Flicking up lazy fingers to point out features of the drawings under discussion, Alec gave a lazy shrug. "Do I ever mean anything?" For a brief second, his green eyes flickered. "James, James, James. While you might be skilled enough for the usual chitchat, you would never be able to pass for a true connoisseur. Look at the shadings. It's obvious the artist was in love."

"With the sister?" James raised a brow and tapped a nail on the plaque. "He married her, it seems."

"And with her brother." The other man glanced back at James, wolfish smile eerily alike to the portrait's. "See how Fronsac doesn't try to soften the demon and the angel in his subjects? That, my brother-in-arms, is love."

"And here I always thought love was blind," James quipped, shaking off his slight unease. He checked his watch. "Damn. We're late."

"We're always late. It's expected of us, and if we ever showed up early, M would most likely have a heart attack." But Alec nevertheless began to step away from the sketches. "I hope you were paying attention, James. Today was a very important lesson in art appreciation."

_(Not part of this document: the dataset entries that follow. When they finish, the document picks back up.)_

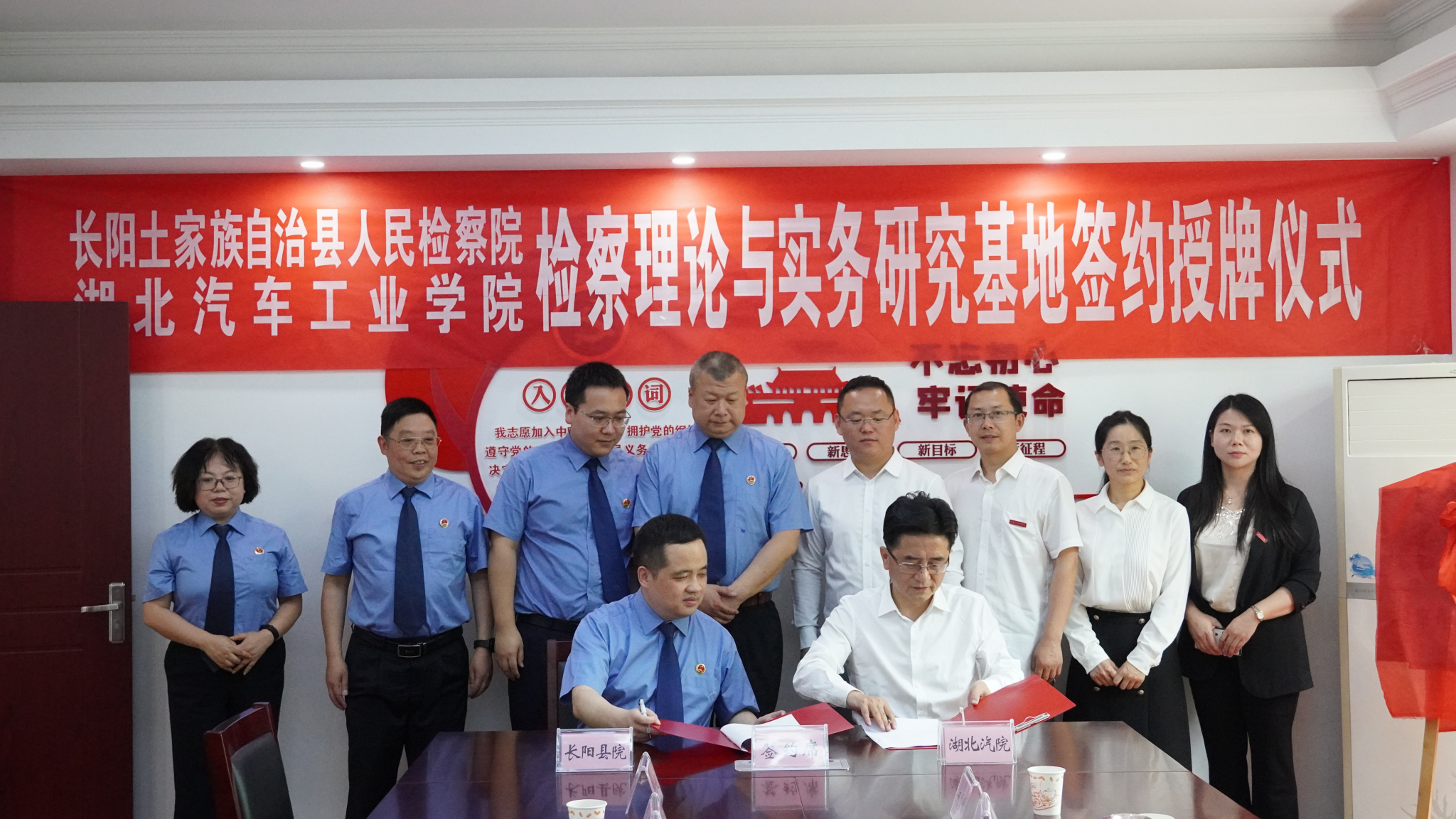 本网讯(文/成继平)5月10日上午,英国上市公司365与湖北省长阳土家族自治县人民检察院共建“检察理论与实务研究基地”签约授牌仪式在长阳土家族自治县人民检察院举行。英国上市公司365党委书记张文学,长阳土家族自治县检察院党组书记、检察长肖飞出席仪式并致辞。英国上市公司365相关学院主要负责同志、长阳检察院相关领导班子成员、英国上市公司365宜昌校友会代表参加揭牌仪式。
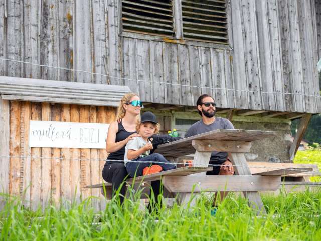 Das Mullerä-Beizli beinhaltet eine gemütliche Sitzgelegenheit sowie zwei Gastrokühlschränke. Sie sind gefüllt mit Getränken und Snacks wie beispielsweise feinen Kuchen und Zutaten fürs Plättli. Das Angebot basiert auf Selbstbedienung und ist für Wanderer, Biker und Tagestouristen frei zugänglich.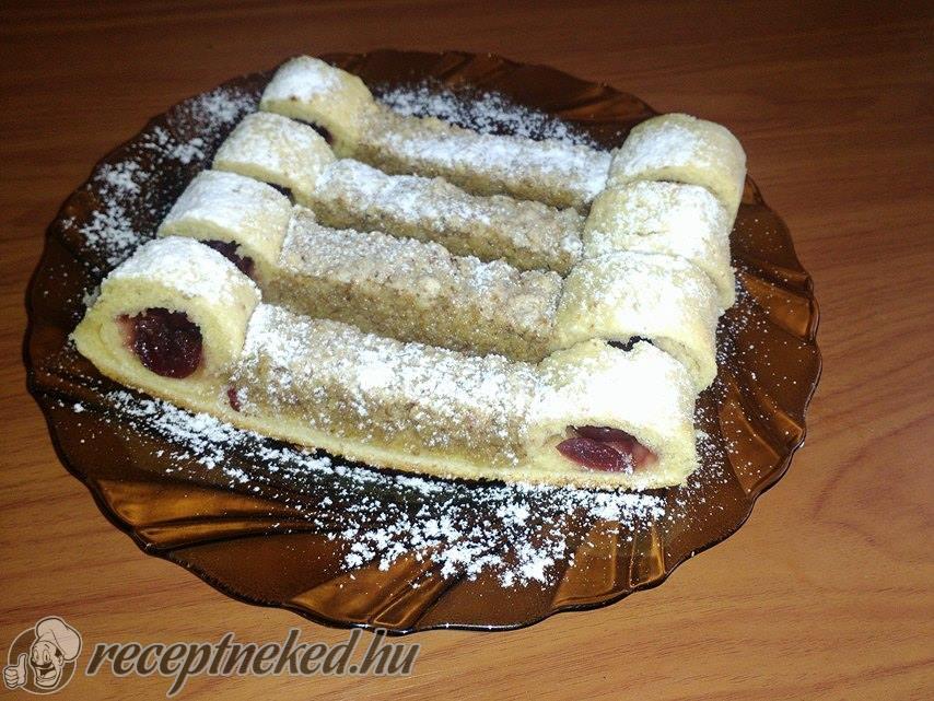 A tésztákat egyenként téglalap alakúra, kb 2 mm vastagra nyújtjuk. Megkenjük baracklekvárral az egészet és a két szélére magozott meggyet teszünk.
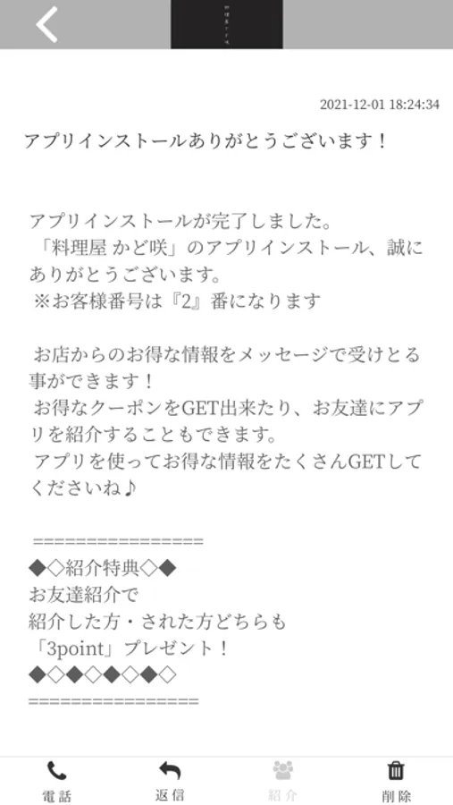 料理屋かど咲のアプリをSNSを通じてお友達に紹介する事ができます。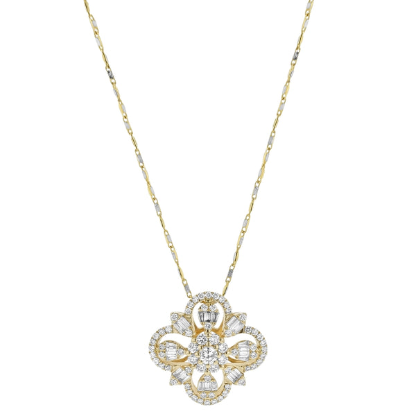 14K yellow gold clover shaped necklace set with 1.20 carats of tapered baguette and round diamonds. Chain sold separately.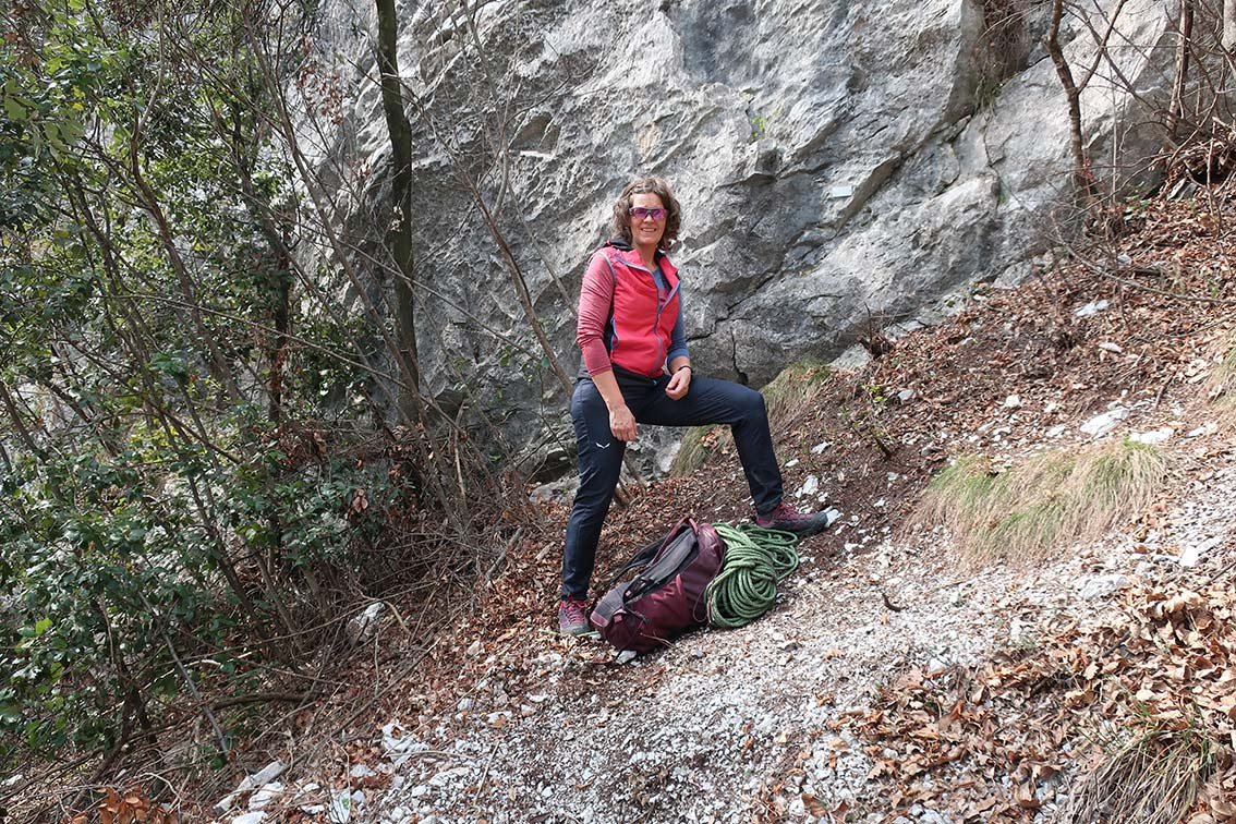 Vom Ausstieg beim Wandbuch (dort geht es auch nach links abwärts zur erwähnten Variante Sonia) aufwärts, man kommt zu einer kurzen Felsstufe, die mithilfe eines Fixseils überwunden wird. Auf dem Pfad kurz aufwärts, bis man auf einen breiten Pfad trifft, auf diesem nach rechts absteigen (kurze Felsstufe ist als einfacher Klettersteig versichert). Unten dann auf dem Weg zurück zum Einstieg und auf dem bekannten Zustiegsweg zum Massenza See absteigen.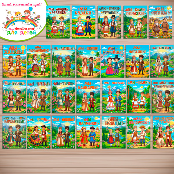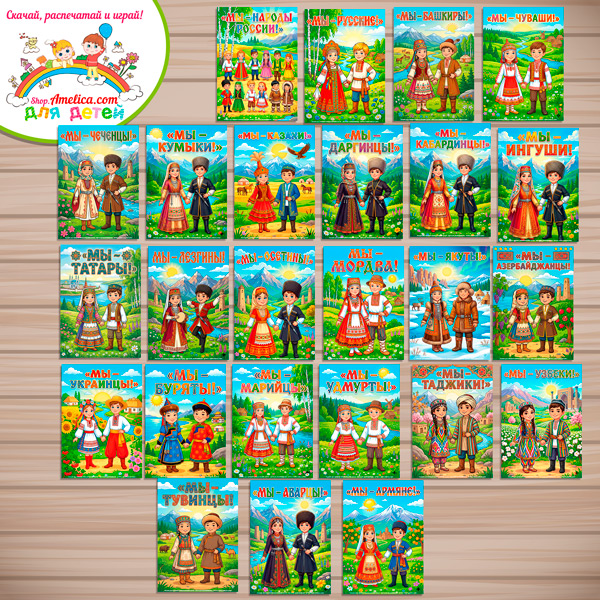 Данный набор содержит 50 плакатов формата А4 с иллюстрациями и обложку на тему — Народы России, национальный костюм, национальный состав России.
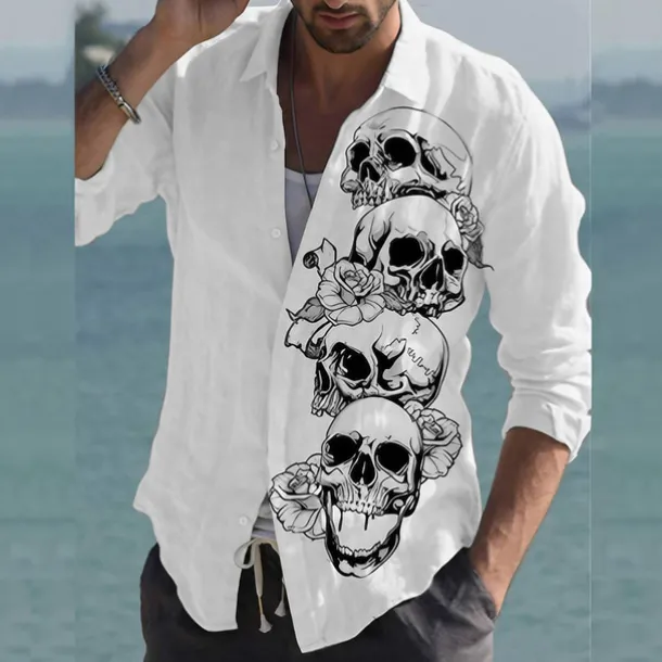 Men’s Skull Halloween Costumes Shirt Button Up Shirt Long Sleeve Fashion Designer Casual Outdoor Casual Daily Spring & Fall Turndown Print Button-Down White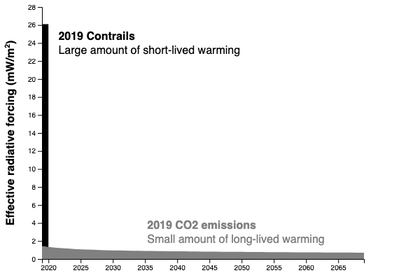 Contrails have a strong “effective radiative forcing” effect. This basically measures the net change in energy flow at the top of the atmosphere: and that change in energy flow dictates how much warming is needed at the surface to offset it. But, this warming effective is very short-lived. If we were to stop contrails today, the warming effect would disappear within a day or so.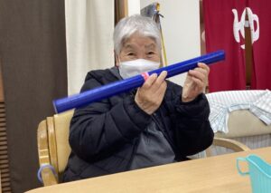 湯もみ体操用で用意した棒で楽しそうにダンスされる方をパシャリ📷笑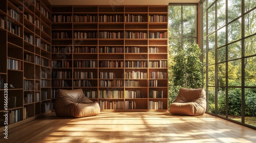 Modern library or bookstore interior with Learning and coworking space,relax zone,Library with rows of bookshelves arranged,school,university,shared desk and chairs,panoramic window.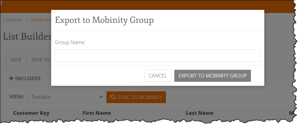 - In the Group Name field, enter the name of the Mobiniti group to which you want to export the list and click Export to Mobinity Group.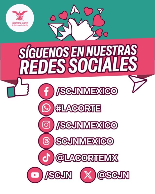 Si deseas conocer información oficial sobre #LaCorte y acceder a contenido jurídico, te invitamos a seguirnos en nuestras redes sociales.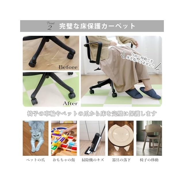 【床暖房対応・使いやすい】リビングや寝室はもちろん、キッチンのペット カーペット、玄関の汚れ防止マット、廊下の防音マットとしても使用可能。タイルカーペットは簡単にカスタマイズでき、どんな部屋のレイアウトにも対応します。さらに、地暖房間でも使えるので、寒い季節にも快適です

"Always stand behind you?" Under the pretense of twitching a wrinkle from Alec's coat, James managed a whisper-light caress.

"Always look beyond the obvious," Alec snorted, brazenly stealing a cigarette from James' pocket and lighting up as soon as they walked out of the museum. "Love sees all."

"Justice," James idly corrected as he hailed a cab. "You mean justice."

Alec's head tipped up, an oddly solemn expression on his face. "They're the same thing, Bond."

Then the other man smiled carelessly again, spoiling the framing of the moment, and got into the taxi.